Anderthalb Monate ist es her, da erschien ‚Depression Cherry‘. Ein gelinde gesagt streitbares Album, dem wir – trotz (oder gerade wegen?) bewährter Zusammensetzung – seinerzeit (sagt man das schon so nach sechs Wochen?) kaum mehr als seine Farbe und seinen Samt abgewinnen konnten. Im Anschluss daran schien das Wildkirschbonbon gelutscht und das übliche mehrjährige Warten auf Besserung eingeläutet.

Doch was haben wir uns getäuscht! Alex Scally und Victoria Legrand, diesen Füchsen, ist es gelungen, ein zweites Album an der Weltöffentlichkeit vorbeizuschmuggeln und für den Release zu präparieren – ohne Promo-Kampagne oder sonstigen Wirbel. Nun bringen sie es einfach heraus. Einfach so! 2015! Das soll ihnen erst mal jemand nachmachen.

Wer mag, kann ‚Depression Cherry‘ nun mit anderen Augen sehen. Als die Fassung des wahren Juwels – denn ‚Thank Your Lucky Stars‘ ist eines – etwa, als Köder, den der böse Markt zerfleischen, an dem er sich satt essen sollte, oder als Testballon, um die Einflugschneise dieses so bald schon kommenden nächsten große Wurfes zu bestimmen. So oder so: Mit dieser LP-Nachgeburt auf dem Teller lässt sich eigentlich nur gewinnen.

Das Beste an dem ganzen Manöver aber ist der unmittelbare Effekt: Wenn dann im festen Griff der Ernüchterung doch noch die Wendung eintritt – ach, was schreibe ich! – aufmarschiert, nein, galoppiert, auf Pferden und in goldenen Rüstungen und nichts mehr so ist, wie es schien, dafür aber alles wie durch ein Wunder gerettet, gerade als man sich mühevoll dazu durchgerungen hatte, sich den Umständen geschlagen zu geben.
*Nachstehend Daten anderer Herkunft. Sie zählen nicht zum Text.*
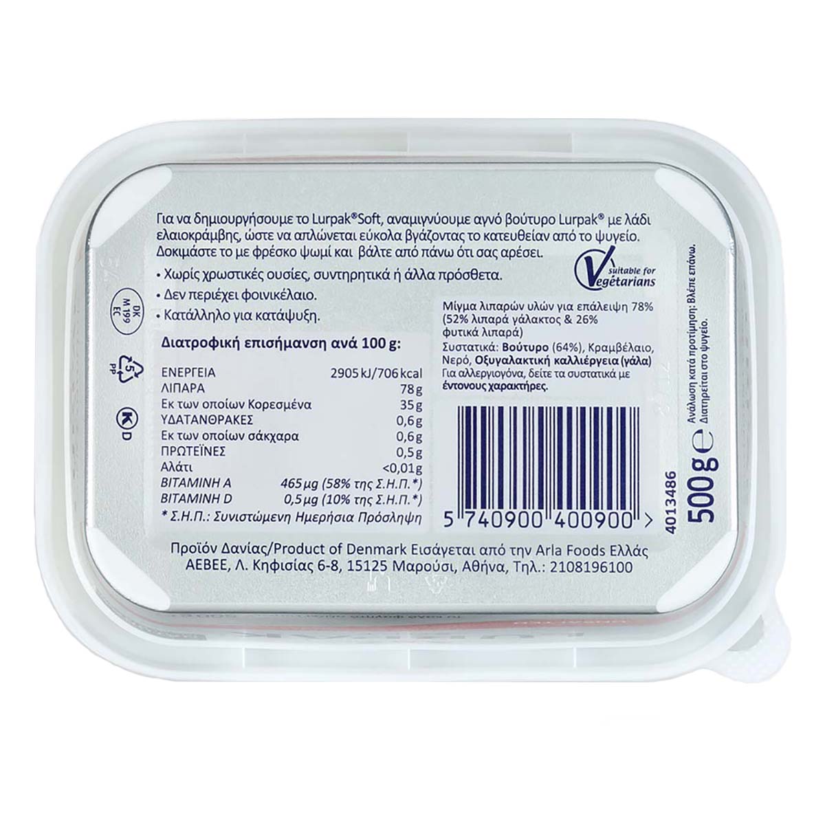 Μπορείτε εύκολα να καταλάβετε γιατί όποιος δοκίμασε αυτό το Lurpak® το λατρεύει. Το Lurpak® Soft Ανάλατο που αλείφεται εύκολα είναι κρεμώδες, φρέσκο και νόστιμο, χωρίς αλάτι ή τεχνητές προσθήκες. Μπορείτε ελεύθερα να το αλείψετε σε τοστ, να το προσθέσετε σε ζεστά κέικ, να το αφήσετε να λιώσει πάνω από αχνιστά λαχανικά.
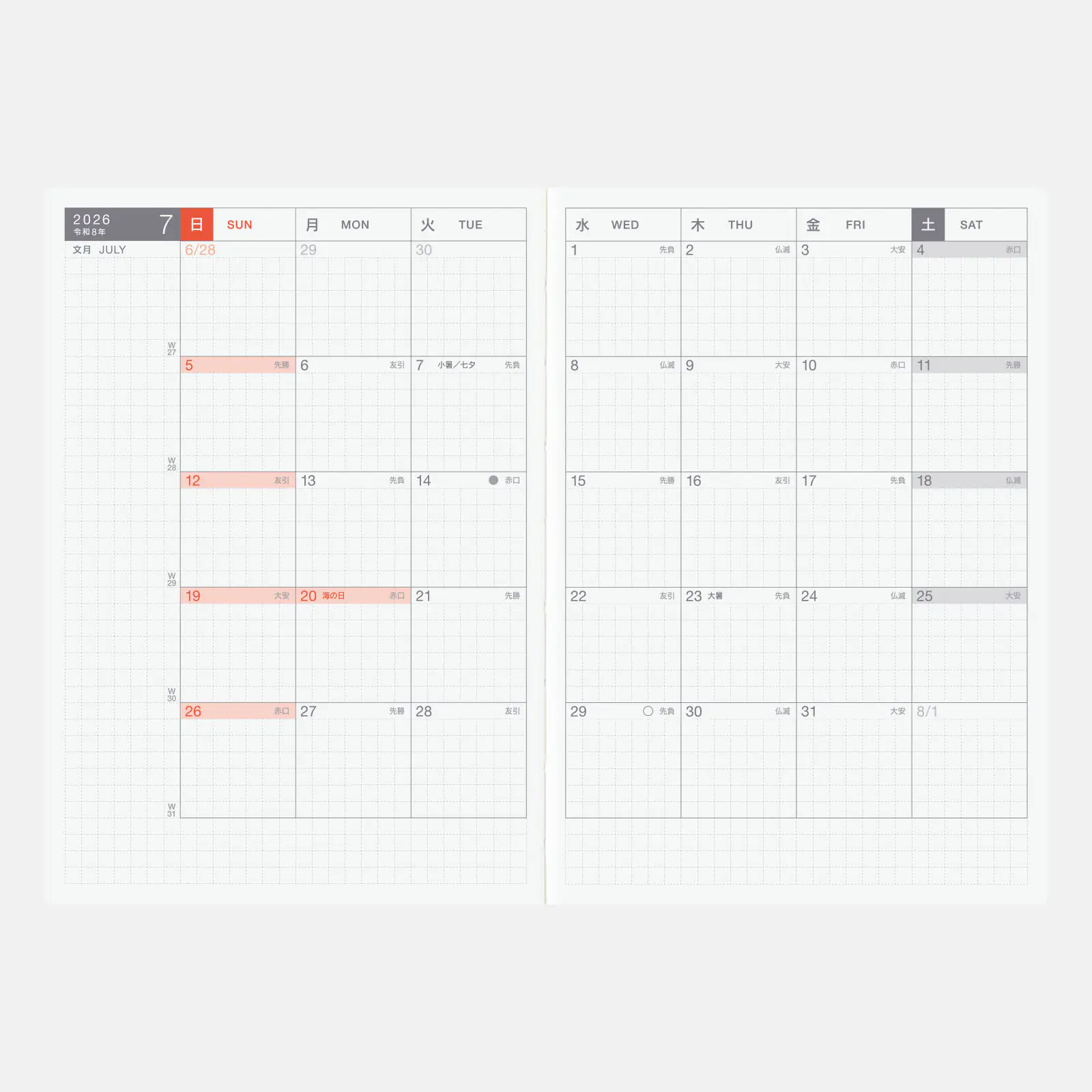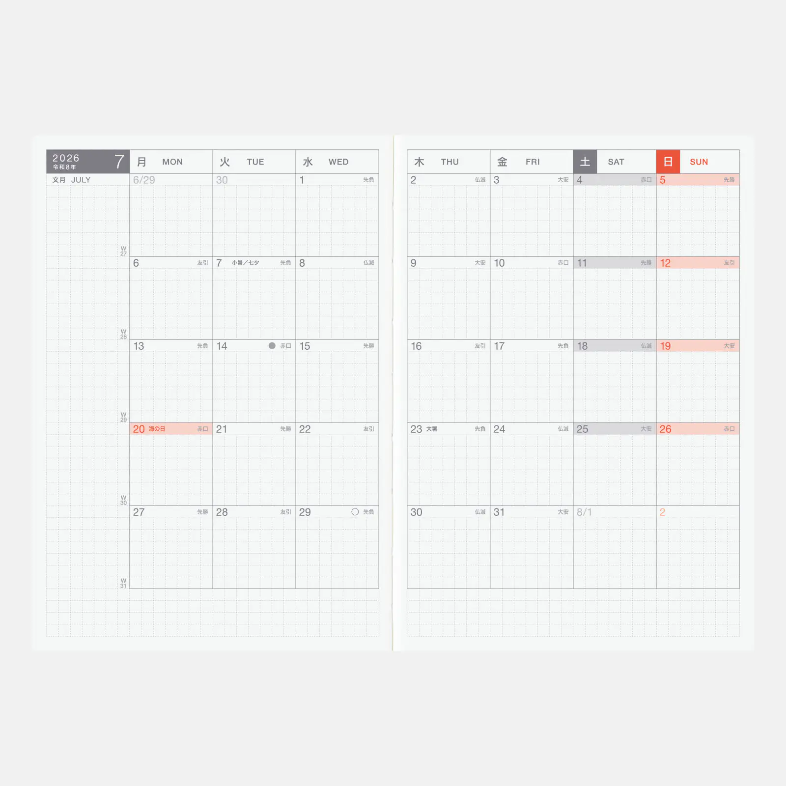 | Listed Information | Day of the year / Week of the year (listed on monthly calendars) / Old lunar calendar / Rokuyo (traditional Japanese lunisolar calendar) (listed on monthly calendars) / Solar terms / Japanese holidays / Moon phase (daily pages include every phase, monthly calendars only include full and new moon) |

Oh, Beach House, ihr Lichtgestalten der Leaklosigkeit, wie fett sind die Props, die ihr allein schon dafür verdient, in den 10er Jahren des ersten Jahrhunderts im neuen Jahrtausend, diesen Jahren der prä-totalen Vernetzung, ein Album zu veröffentlichen, von dem wirklich keine Sau zuvor gewusst hat! Antwort: exorbitant fett.
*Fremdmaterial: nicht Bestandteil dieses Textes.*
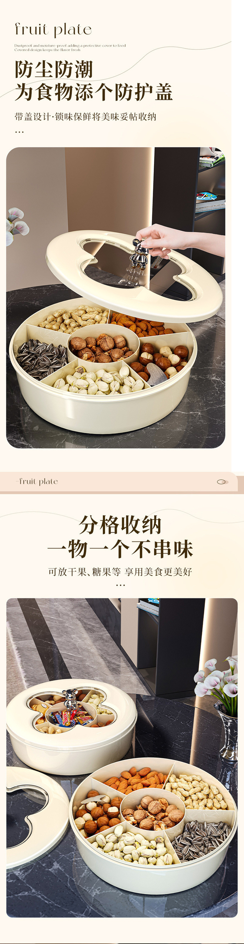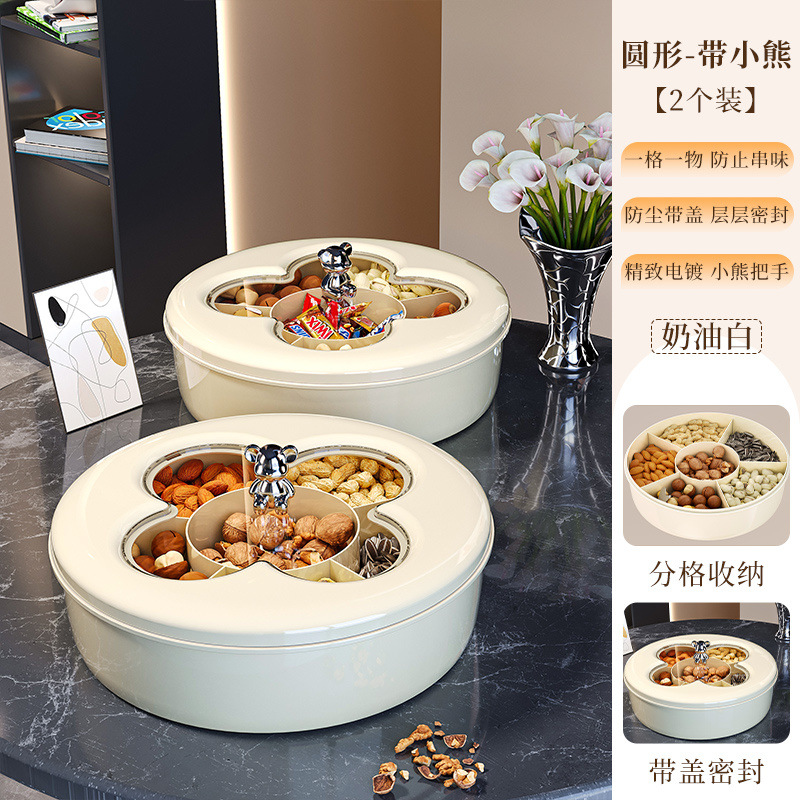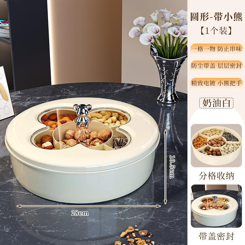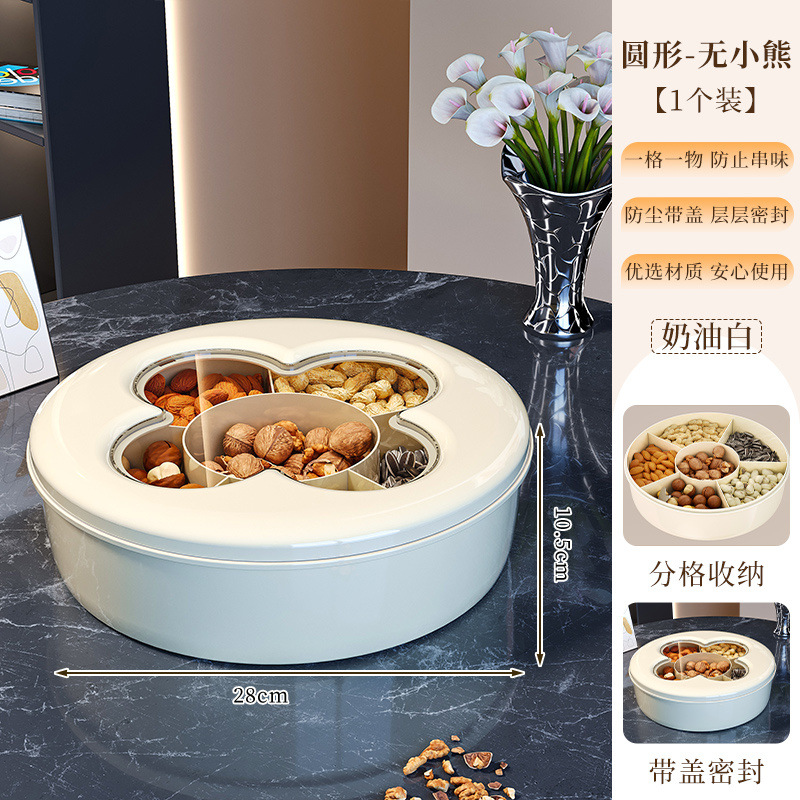 • 라이트 럭셔리 크림 화이트 [둥근 스타일] 밀봉된 말린 과일 접시 - 손잡이 없음 [칸막이 수납/방진 커버 포함] 1팩

Doch Marketing hin oder her: Was am Ende zählt in, ist der musikalische Verdienst. Und der stimmt sowas von: ‚Thank Your Lucky Stars‘ schüttet den Löwenanteil des Lohns aus, den sich das dunstige Dreampop-Duo für seine letzte Studio-Session verdient hat – und steigert sich noch dazu mit jedem seiner neun Stücke – wunderliche Pop-Songs mit verhangen-hypnotischen Harmonien, wie wohl nur Beach House sie zubereiten können. Hier liegen die Trauerklöße dampfend und in Sauce auf dem Teller, wickeln einen die leierigen Riff-Schleifen wieder ein, schaukelt einen Legrands Gesang in lange vermisste Traumphasen. Doch Moment mal, was war das? Der Schleifpunkt zur Distortion? Ein Sandkörnchen auf dem Tonabnehmer? Songtitel wie ‚Elegy To The Void‘ zeigen an, was Sache ist; die meiste Bitterkeit aber sickert wieder so verlockend in die Ritzen wie zu Zeiten eigentlich gar nicht so alter Großtaten. Und so ist letztlich doch noch alles gut, der Leumund wiederhergestellt, 2015 gerettet. Den Sternen sei Dank.